The Measurementality Series
Measurementality is a new content series from the IEEE Standards Association (IEEE SA) created in collaboration with The Radical AI Podcast focusing on defining what counts in the Algorithmic Age. While it’s critical that Artificial Intelligence Systems (AIS) are transparent, responsible, and trustworthy, Measurementality will explore the deeper issues around what measurements of success we’re optimizing for AIS in the first place.
The Measurementality series has three components:
- Podcasts. We’re delighted to be working with the hosts and creators of The Radical AI Podcast to collaborate on this series. Episodes will begin in January 2021 and will be posted on the Radical AI site in the beginning of each month.
- Webinars. At the end of each month we’ll be hosting a Webinar featuring the same guests who were on the Radical AI Measuremenality podcast. We’ll also invite additional guests who are working in IEEE SA committees, Standards Working Groups, or other programs. That way we can further explore the themes and issues brought up on the podcasts to best grow our work with relevance and specificity.
- Reports. We will share reports featuring answers from podcasts, webinars, and other participants on three key questions:
- How is success measured today in AIS? What issues (positive and negative) do you see with these measures with an eye towards human welfare, environmental sustainability, responsibility, technology, economics and ethics?
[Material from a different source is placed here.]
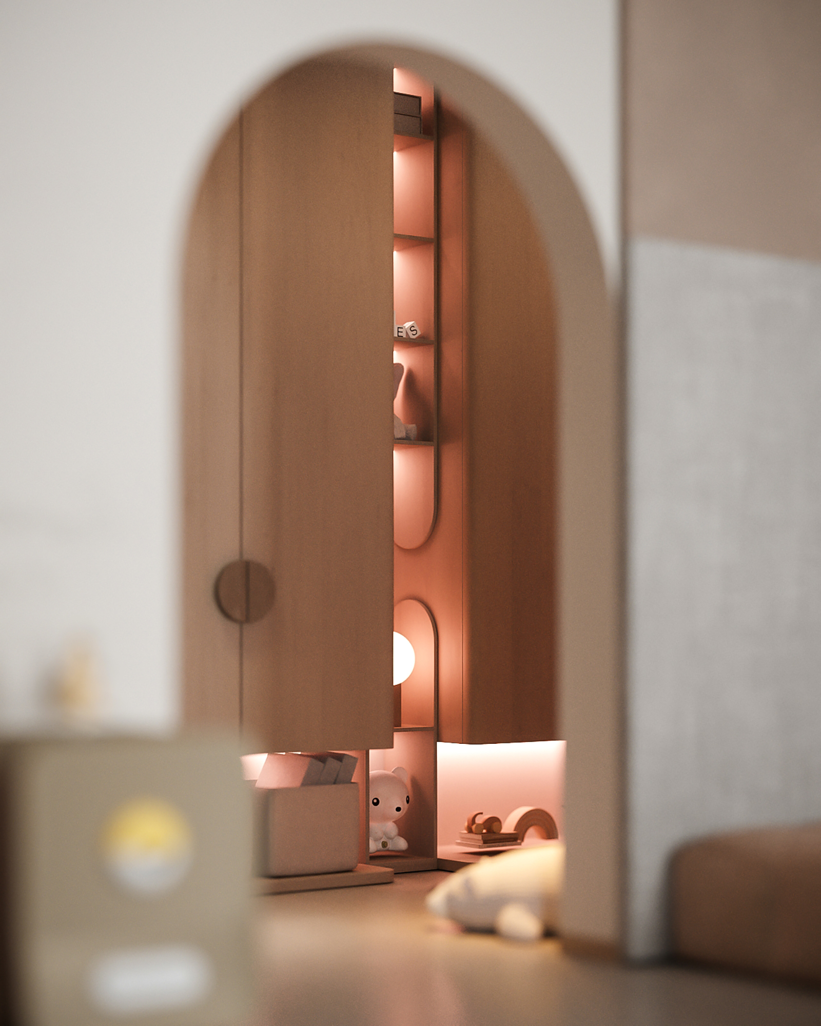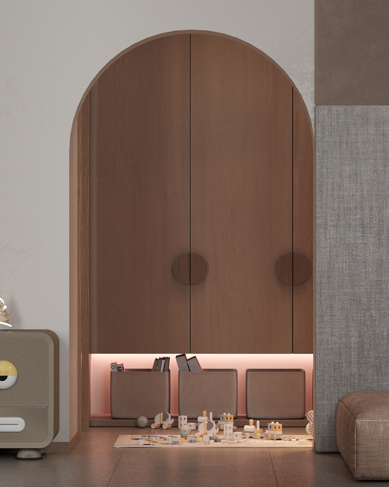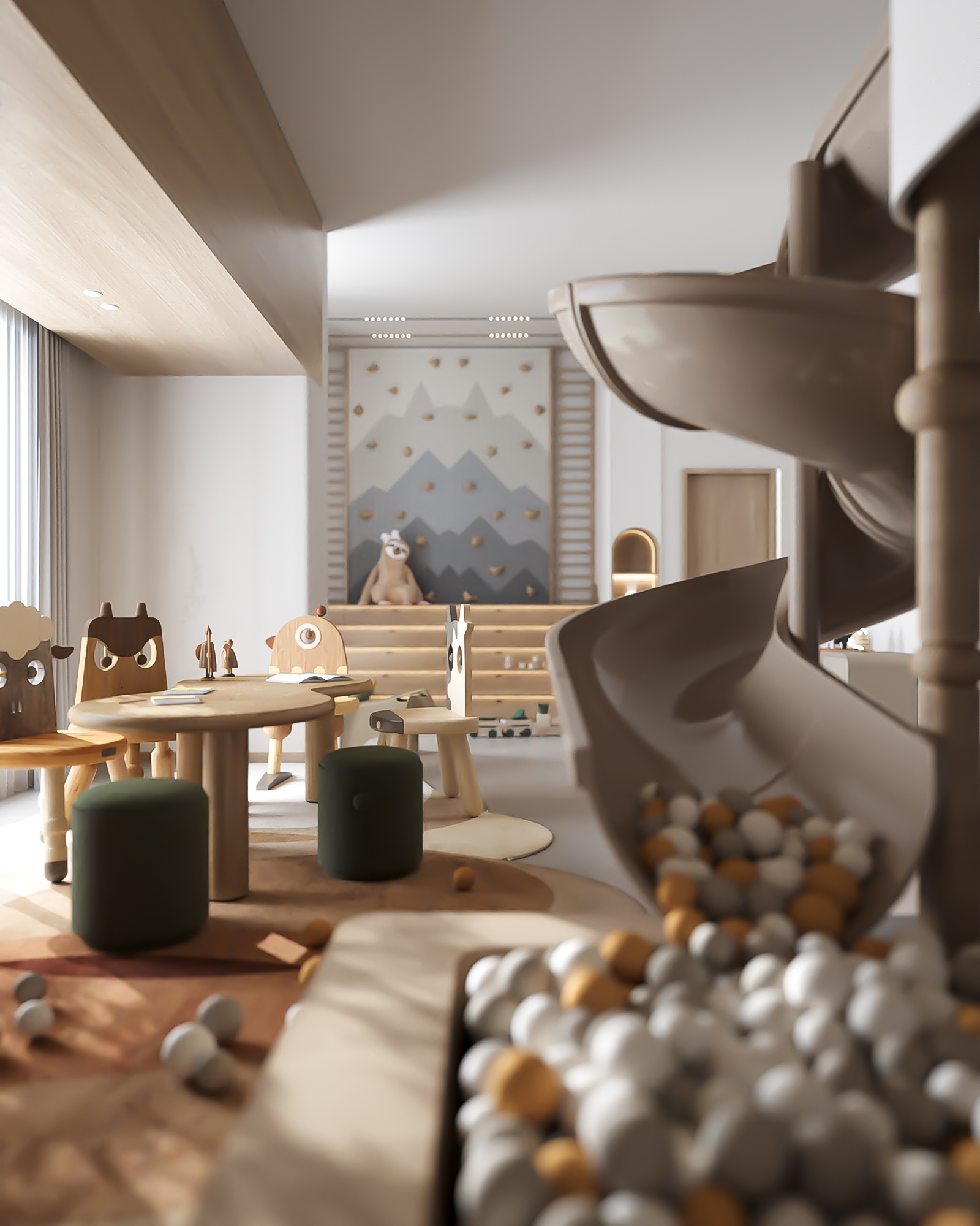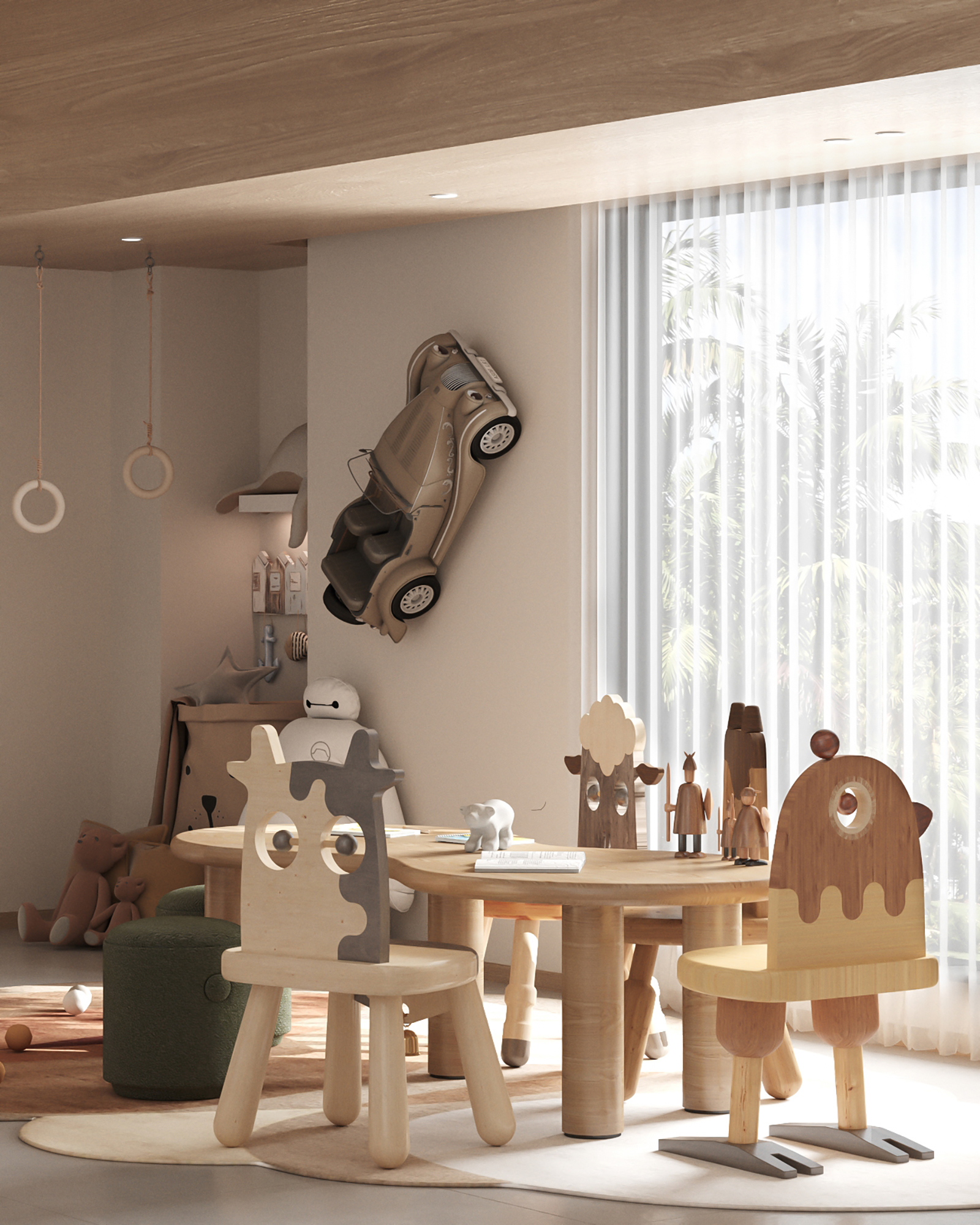 From the first glance, the room captivates with vibrant yet soothing colors, soft textures, and clever storage solutions. Every element has been carefully curated to create an environment that is safe, stimulating, and visually inspiring for children of all ages.

- What is the positive future you’re working to build with AIS? Answers here can be submitted in short story form as well as prose.
- What are the measures of success for that positive future? Please be as specific as possible, utilizing sample Indicators or criteria.
But we’d also like to hear from you. Submit your answers today and get your voice heard!
Unconventional Thinking (and Doing)
For the co-hosts of The Radical AI Podcast, Dylan and Jess, two PhD students rooted in values of curiosity, humility, and hope for a better world, they began to interview dozens of scholars in the responsible tech community about a concept they coined “radical AI” and what it means to them, and what unconventional work might look like in AI. Their goal with this project became to resist harmful technologies and how they are created today through community building and collective storytelling, and to continue to co-define this concept. Their Radical AI Podcast and community is still in active exploration of what this work really is in the AI field.
For IEEE SA, we serve as a convener around critical ideas related to technology. When The IEEE Global Initiative on Ethics of Autonomous and Intelligent Systems gathered more than seven hundred global thinkers to create Ethically Aligned Design, many of the ideas that stemmed from that work may have seemed unconventional or “radical” – prioritizing values-based design in systems engineering, for instance. But the multi-disciplinary process of bringing volunteers together from the US, EU, UK, China, Japan, Korea, Australia, India and many other countries meant that one person’s definition of one word or concept meant something completely different to someone else.
So while it may seem simple, actually listening to other people with consensus and curiosity can be one of the most unconventional things anyone can do.
So with the help of Jess and Dylan, our global experts and interviewees, and all of you, that’s exactly what we’re going to do. Start listening to your answer to the question: “What counts most in your life?”